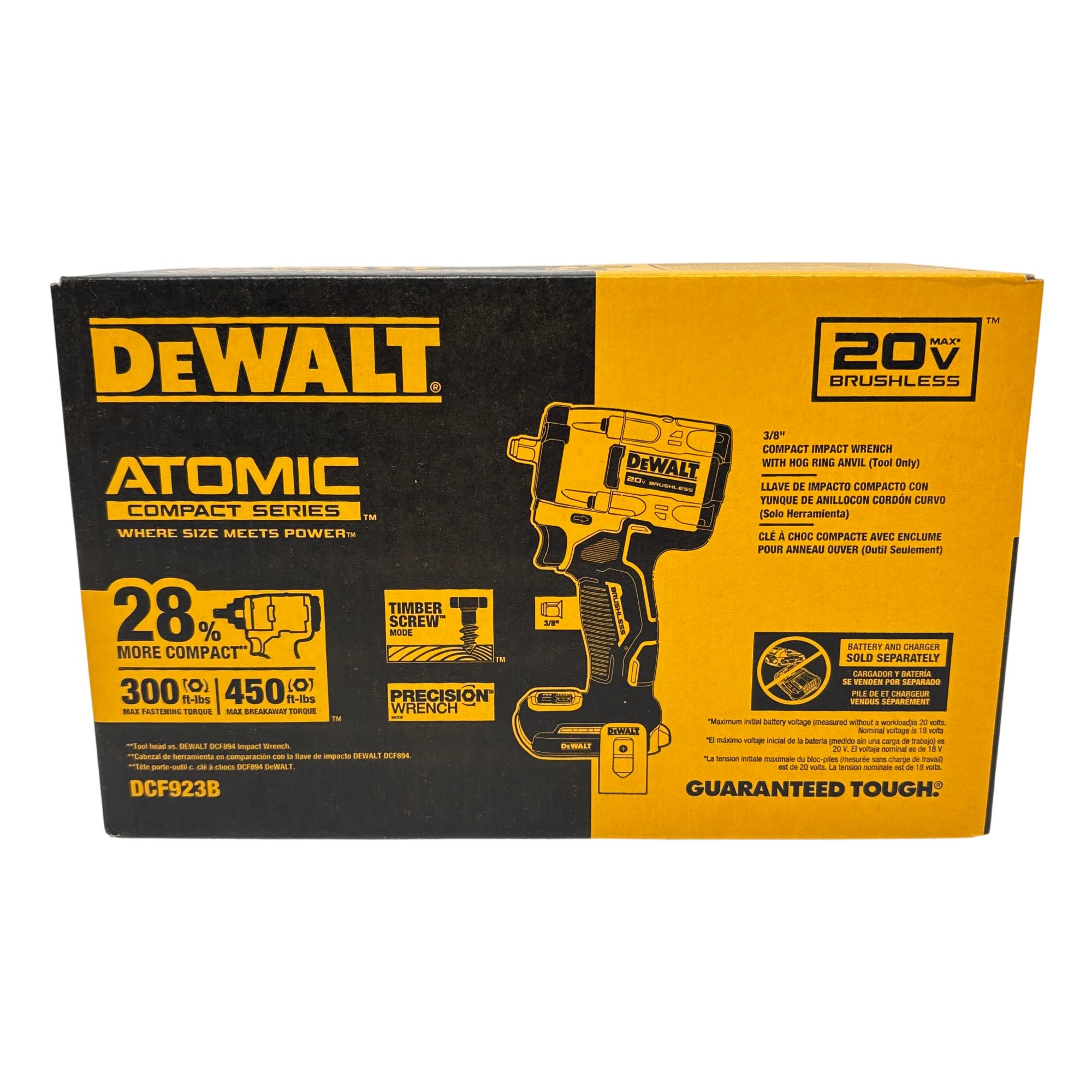 DEWALT ATOMIC Compact Series 20V MAX Brushless 3/8" Compact Impact Wrench with Hog Ring Anvil delivers powerful performance in a lightweight, compact design ideal for tight spaces. This brushless motor tool provides efficient torque and durability while ensuring precise fastening with its hog ring anvil, making it a versatile choice for professional and DIY use.
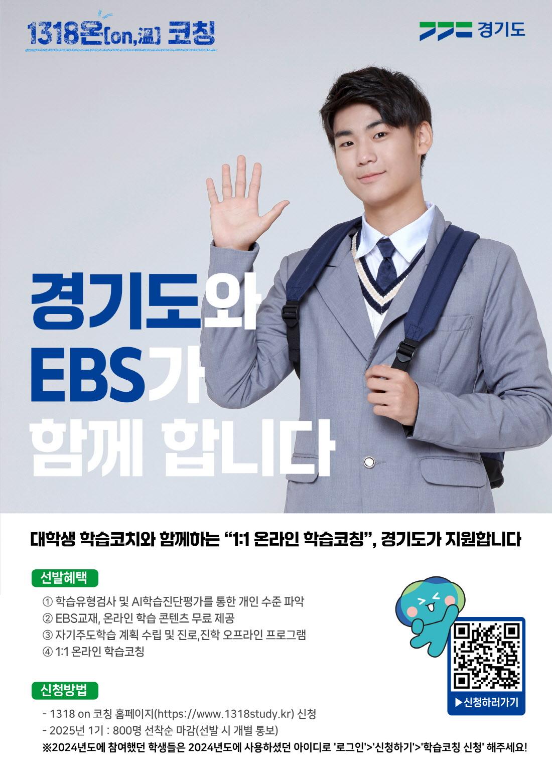 학습코치는 경기도와 EBS가 선별한 우수 학습코치로 배정된다. 또한 참여 학생들에게는 대학 탐방, 집중학습 진로성장캠프 등 다양한 학습 경험의 기회도 제공된다. 참여를 희망하는 청소년은 ‘1318온코칭’ 누리집(1318study.kr)에서 신청할 수 있다.
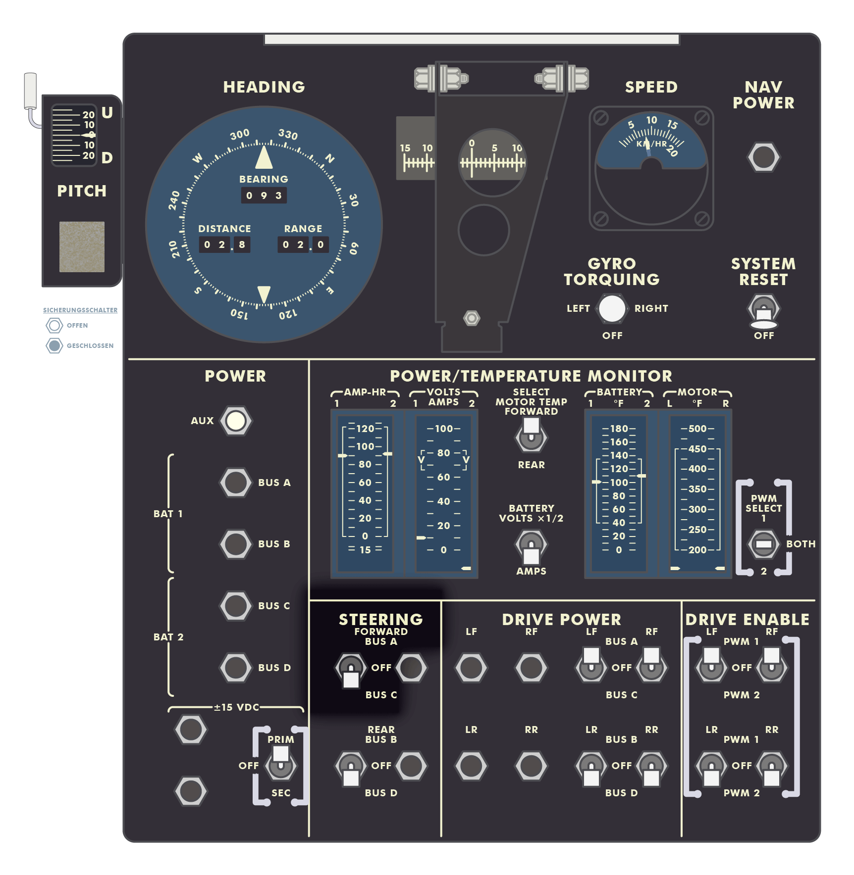 Irwin: Ja. Okay. Fahrzeugausrichtung: 3︱1︱0 · 0︱9︱3 · 0︱2︱8 · 0︱2︱0 · 9︱0 · 9︱2 … (Pause) Ah, 1︱0︱2 und 1︱1︱0.
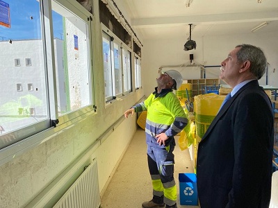 En dicha visita, Viso ha comprobado de primera mano la evolución de la actuación que la Consejería de Desarrollo Educativo y Formación Profesional tiene en marcha en el CEIP Antonio Valderrama de la localidad espeleña, con una inversión inicial de 334.500,00 euros y que finalizará a lo largo del tercer trimestre del presente curso escolar. Más de 230 alumnos/as se beneficiarán de la reforma consistente en la sustitución de todas las ventanas del centro y arreglo de los aseos.
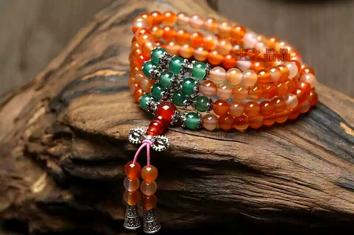 純天然多彩瑪瑙佛珠手鏈108顆6mm女款多圈多層1入
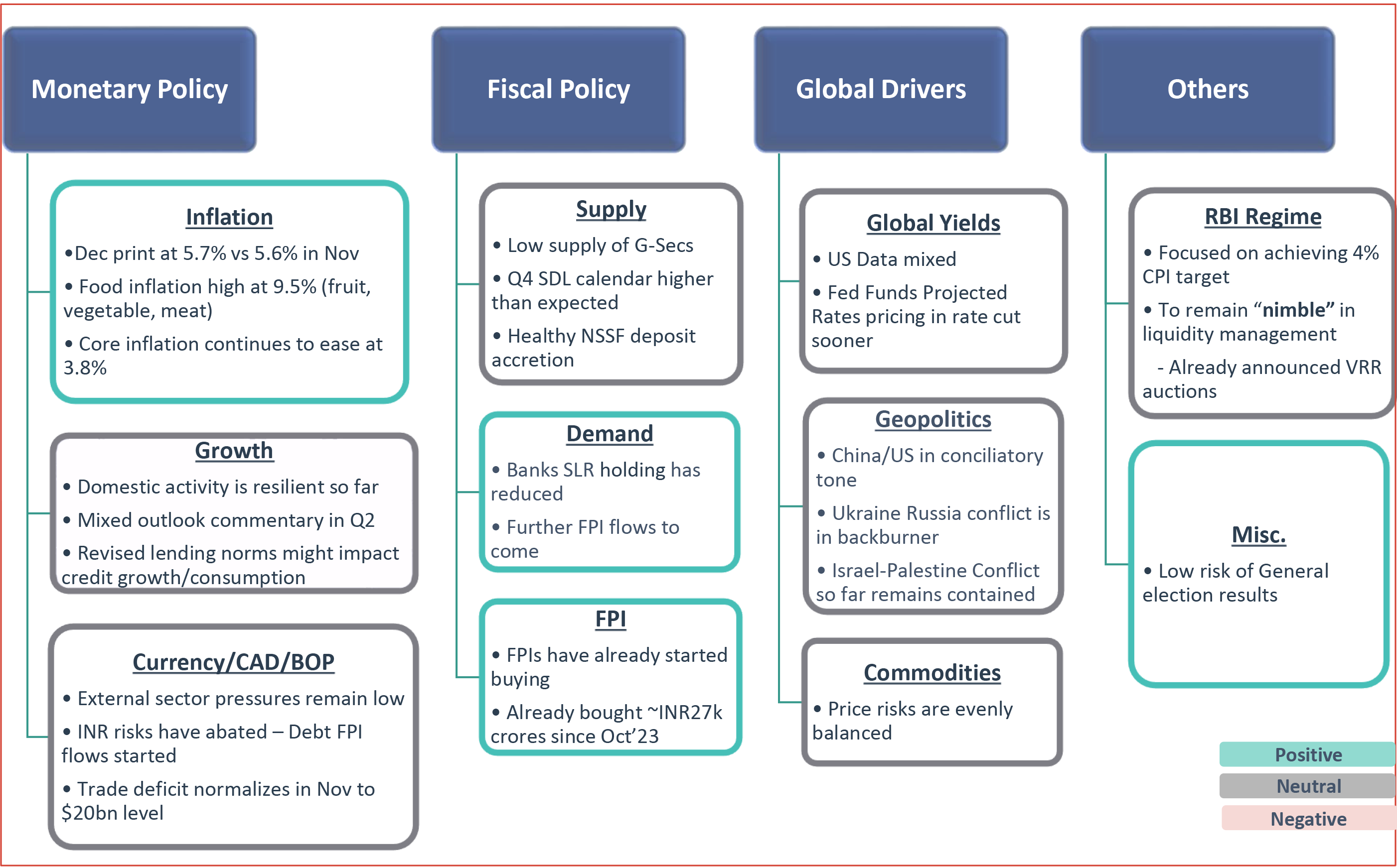 Source – Internal, CGA G-Sec: Government Securities; OMO: Open Market Operation; RBI: Reserve Bank of India; FPI: Foreign Portfolio Investment; NPS: National Pension System; MF: Mutual Fund; SDL: State Development Loans; SLR: Statutory Liquidity Ratio; PF: Provident Fund; EPFO: Employees’ Provident Fund Organisation; NSSF: National Small Savings Fund

____

*WHAT TO WORK ON:*
Your reply should be the lines of the records from the start through the line with "純天然多彩瑪瑙佛珠手鏈108顆6mm女款多圈多層1入", copied word for word, pictures omitted.

*WRITTEN SOLUTION:*
 DEWALT ATOMIC Compact Series 20V MAX Brushless 3/8" Compact Impact Wrench with Hog Ring Anvil delivers powerful performance in a lightweight, compact design ideal for tight spaces. This brushless motor tool provides efficient torque and durability while ensuring precise fastening with its hog ring anvil, making it a versatile choice for professional and DIY use.
 학습코치는 경기도와 EBS가 선별한 우수 학습코치로 배정된다. 또한 참여 학생들에게는 대학 탐방, 집중학습 진로성장캠프 등 다양한 학습 경험의 기회도 제공된다. 참여를 희망하는 청소년은 ‘1318온코칭’ 누리집(1318study.kr)에서 신청할 수 있다.
 Irwin: Ja. Okay. Fahrzeugausrichtung: 3︱1︱0 · 0︱9︱3 · 0︱2︱8 · 0︱2︱0 · 9︱0 · 9︱2 … (Pause) Ah, 1︱0︱2 und 1︱1︱0.
 En dicha visita, Viso ha comprobado de primera mano la evolución de la actuación que la Consejería de Desarrollo Educativo y Formación Profesional tiene en marcha en el CEIP Antonio Valderrama de la localidad espeleña, con una inversión inicial de 334.500,00 euros y que finalizará a lo largo del tercer trimestre del presente curso escolar. Más de 230 alumnos/as se beneficiarán de la reforma consistente en la sustitución de todas las ventanas del centro y arreglo de los aseos.
 純天然多彩瑪瑙佛珠手鏈108顆6mm女款多圈多層1入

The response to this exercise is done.